Passwords are still the primary method of authentication today, in a form of something you know. Humans are lazy, often resulting in low entropy and reused passwords.
Magnitudes of research and thought have been put into protecting passwords. They are known as the simplest form of a challenge–response authentication scheme.
Because the challenge "What is your password?" is repeated, so is the response, opening the door to possible replay attacks.
Argon2's "i" variant is resistant to side-channel attacks, while "d" variant is resistant to time-memory tradeoff attacks. "id" is the hybrid variant, resistant to both and suitable for most purposes.
Make sure to use "id" variant of Argon2.
Salts are closely related to nonces, however, nonces are for communication protocols, not hashing. Nonces protect against replay attacks, while salts protect against precomputed hashes(aka rainbow tables). It's important to separate them, as they aren't protecting against the same things.
The only requirements of salts are to be unique to each hash and public, however, they should be unpredictable to prevent precomputing future hashes.
A cryptographically secure pseudo-random number generator output of 32 bytes will produce an unpredictable, and unique value.

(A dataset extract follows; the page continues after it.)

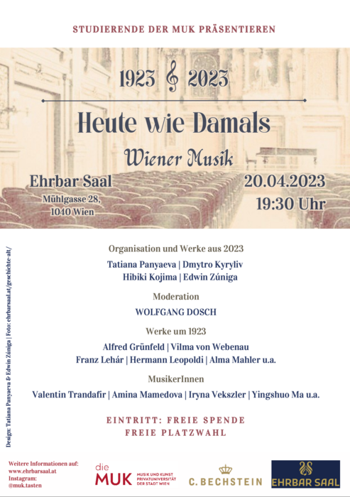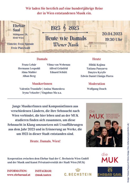 Die vier jungen Komponist*innen der MUK übernehmen dabei auch die musikalische Leitung. Präsentiert werden bei Heute wie Damals — Wiener Musik von Werke von Franz Lehár, Alma Mahler, Alban Berg, Vilma von Webenau, Hermann Leopoldi, Alfred Grünfeld sowie Uraufführungen von Werken aus dem Jahr 2023. Durch das Programm dieser neuen Kooperation zwischen Ehrbar-Saal und dem Studiengang Tasteninstrumente, Musikleitung und Komposition der MUK (Studiengangsleitung: Jean Beers) führt der MUK-Lehrende Wolfgang Dosch. Interpretationen von Valentin Trandafir, Amina Mamedova, Iryna Vekszler, Yingshuo Ma, u. a. ergänzen die abwechslungsreiche Aufführung.

If you've been around the internet, researching password salts, you've probably heard of the "pepper". It is a cryptographic secret(secret key), that must be unpredictable and unique to each application, used in a hash function.
Wait ... sounds a lot like an keyed-hash message authentication code, right? That's because it is. One must be extremely careful implementing "peppers" because it can lead to length extension attacks and nasty problems with Bcrypt.
Argon2 actually implements a
secret value in the official spec as an optional argument to act as a "pepper". If you're using an implementation that does not support the
secret value, encrypt the hash. If you're not using Argon2, encrypt the hash.
Do not waste your time implementing both a "pepper" and encrypting the hash. You gain no practical benefit. And you might want to store your cryptographic secrets in a hardware security module.
You SHOULDN'T be rolling your own authentication system in production, use pre-made libraries and services. But you should learn how to implement them and how they work.
If you're a PHP developer, use the built-in
password_hash function. Or even better, use Halite. Be sure to use PHP 7.2 and above. Take note that the default password hashing algorithm for PHP is Bcrypt.
Use Halite to hash then encrypt your passwords. An encryption key is required by the library for storing passwords.
Perhaps a third-party solution?:
- Maximum length of no less than 128 characters.
- Minimum length of 12 or 16 characters.
- Support almost if not all Unicode and whitespace.
- Decline known passwords via HIBP API.
- Decline passwords matching the identifier, e.g: email, username.
- Don't enforce special characters, uppercase, lowercase, symbols, etc.
- Don't truncate, sanitize, or format their passwords in any way shape or form!
- Don't prevent them from copying and pasting into the password fields.
- Don't limit what they can or cannot put into the password fields.
- Don't require password changes every so often.
What matters most, is the length(more so) and entropy. If you feel still inclined to enforce the character set above, don't. Enforce multi-factor authentication instead, their accounts will be far better with it.
If you enforce that character set, you run the risk of them writing it down, forgetting it, annoying them, or choosing a weak password. You can also cause users to write down their passwords if you enforce password changes.
As pointed out by @nylen , perhaps calculate the Levenshtein distance between the password and the identifier and decline passwords within a dangerous distance. Of course with a reasonable minimum distance.
Discourage passwords with personal information like names, dates, birthdays, etc. Or sharing them if at all possible.
- Protect your communications with TLS 1.2 and newer, the successor to the SSL protocol. Otherwise sensitive information(passwords) will be exposed, rendering your state-of-the-art hashing useless.
- Do not implement SMS for multi-factor authentication! They're easily exploitable via SIM swap scam, and spoofing phone numbers to obtain verification codes.